Tessa is the sole survivor of a group of young women who were left for dead in a mass grave, which was then planted with flowers. The Black-Eyed Susans became a metaphor for the trauma she experienced. This thriller, Heaberlin’s first following a highly respected career in journalism, is a great read with a few problems, most of which have to do with trying to cram too many details into a single novel. It was looking like 3.5 stars to me until it passed the halfway mark; then it hit its stride. Ultimately, the eloquent manner in which issues surrounding the death penalty were braided into the narrative won the final .5 star from this reviewer. And at this point, I have an obligation to tell you I read the book free, and to say thank you to Net Galley and Random House Ballantine for the DRC. The book will be available to the public August 11.
Tessa is an adult, a single parent, and it’s been twenty years since her abduction and attempted murder. There are memories she tries to bury, and there are other niggling details that she can’t make sense of. In a writing style somewhat reminiscent of Jodi Picoult, Heaberlin flashes us back and forth from Tessa’s adolescent memories to the present, a life in which her sole objective at first is to protect her own teenage daughter, Charlie, whom she is afraid may pay the ultimate price. Because Tessa’s stalker has been planting Black-Eyed Susans in her yard and various other places, and she is scared half to death.
Strange, threatening packages appear in the mail. And her best friend Lydia disappeared mysteriously not long after the trial. There are so many shadows, so many possible threats out there that her inclination is to retreat into her artist’s studio, and into her home. Don’t rock the boat.
The problem is that an innocent man is about to become one more victim of Texas’s capital punishment. Her supposed attacker, the supposed killer of the other Susans, waits on death row…and the clock is ticking. She knows he didn’t do it, and she’s been holding out. Once she decides to testify to his innocence, will she be believed? Can she get there in time?
A tremendous amount of research went into teenage trauma and its possible affects, and the capital punishment process (and the process of its defense) in Texas. Heaberlin has done her homework; if anything, she may have done a little too much, or tried to incorporate too much of her work into one novel. Somewhere around the 37 percent mark, I found myself not mystified, but confused. What were all these references to the OJ Simpson trial doing here? Who the hell is Jo? Is Lydia dead, moved away, or what? The suspense fell away while I stopped reading in irritation to go back over the book and try to discern what I had missed or forgotten.

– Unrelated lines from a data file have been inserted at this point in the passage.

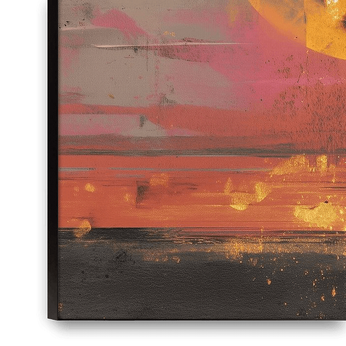 Holding Hands at Sunset - This woman and girl painting shows two silhouettes holding hands on the edge of a watery horizon, looking at a huge yellow sun as a circle in an abstract pink-orange sky, a warm modern abstract painting and sunset painting, painting woman and girl with strong yellow, orange and black accents.
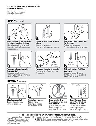 Studio : 3M Publisher : 3M Binding : Tools Home Improvement Product Description Command hooks are available in a wide range of designs to match your individual style and decor. They also come in a variety of sizes and hold a surprising amount of weight - up to seven and a half pounds! forget about nails, screws and tacks, Command hooks are fast and easy to hang! using the revolutionary Command adhesive, stick to many surfaces, including paint, wood, tile and more. Yet, they also come off leaving no holes, marks, sticky residue or stains. Rehanging them is as easy as applying a Command refill strip, so you can take down, move and reuse them again and again. 0
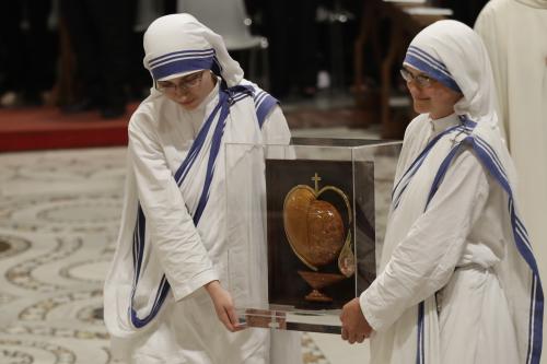 ¡®ºóÀÚÀÇ ¼º³à¡¯ Å×·¹»ç ¼ö³à(1910~1997)ÀÇ ½Ã¼º½ÄÀÌ 4ÀÏ ¿ÀÀü 10½Ã 30ºÐ(Çѱ¹½Ã°£ 4ÀÏ ¿ÀÈÄ 5½Ã 30ºÐ)ºÎÅÍ ¹ÙÆ¼Ä ¼º º£µå·Î ´ë¼º´ç ¾Õ ±¤Àå¿¡¼ ÆîÃÄÁ³´Ù.
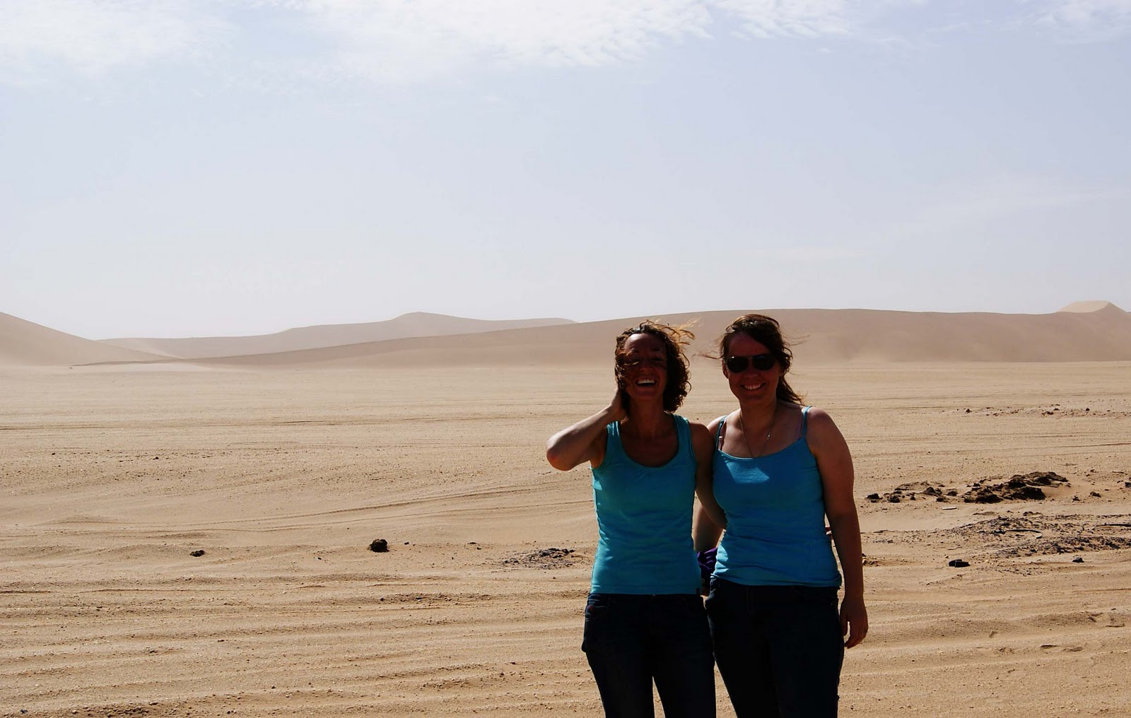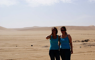 Marye and I keep showing up in the same outfits. We keep joking that we pre-plan to dress the same, but we don’t. Marye is a great friend, and an absolute encouragement to us out here. She also has a fantastic dress sense:) The first picture is of us standing in the Namib desert, right after we climbed to the top of Dune 7. The second is on the deck on the outside of the beach house that we were staying at.
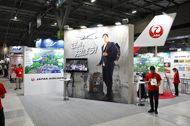 日本航空(JAL/JL、9201)のブースはD-094。2024年1月に就航した国際線の新フラッグシップであるエアバスA350-1000型機のJAL初となる個室型ビジネスクラスのシート体験コーナーを設けた。2018年からサポートしている米メジャーリーグ(MLB)ロサンゼルス・ドジャースに所属する大谷翔平選手が大きく描かれている。
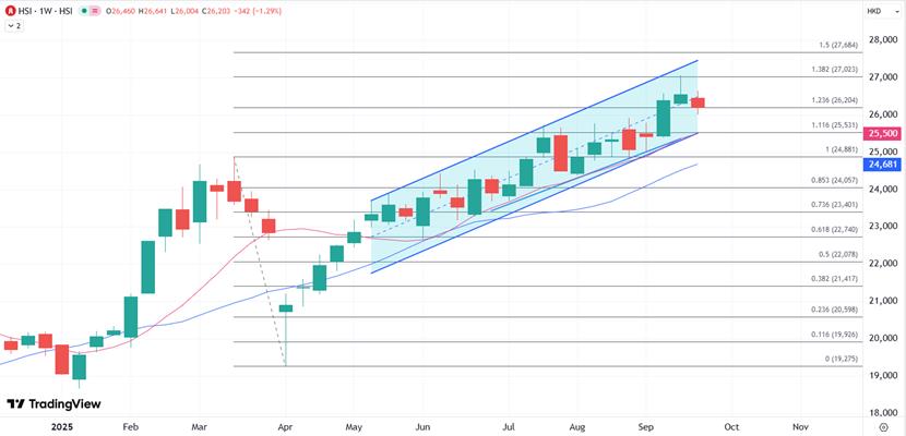 XM Hong Kong Stocks: Hang Seng Index continúa ajustándose, la línea semanal bloqueada por primera vez en tres semanas
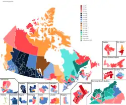 | Partido Liberal de Canadá | 109.148 | 44.87 | 6/7 |
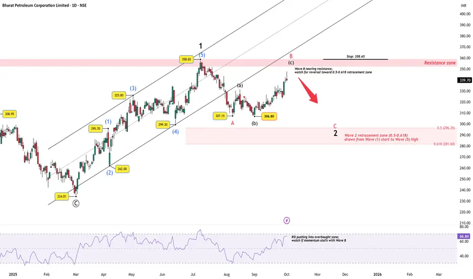 BPCL– Wave B Nearing Resistance, Wave 2 Correction Still in Play

However, just before the halfway mark, the author found her stride and everything came together. From that point till ninety percent, I was riveted. Portions of the text approached the level of literary fiction. I found myself questioning my earlier complaints, and went back and reread the passages I had marked earlier to see whether I had just been distracted, or in a snarky frame of mind. But no, the inconsistency is really there.
The supernatural bits about the other Susans being in her head, talking beyond the grave, may have turned up in the author’s research as a possible outcome of trauma, but they felt extraneous to me, as if they had been shoe-horned into the text. If I had been her editor, I would have cut them.
I was not entirely happy with the ending, which felt a bit contrived, but I was so deeply satisfied by what I had read up to that point that I didn’t feel let down.
My advice to the reader is this: if you are opposed to the death penalty and love a good thriller, get a copy of this novel. I think you’ll find it as satisfying as I did. You may want to flag pages where you have questions with sticky notes, or mark it digitally if you read it that way; later on it will all make sense.
And whatever you do, remember: there are no millionaires on death row. Not in Texas, and not in any other state that has capital punishment in the USA.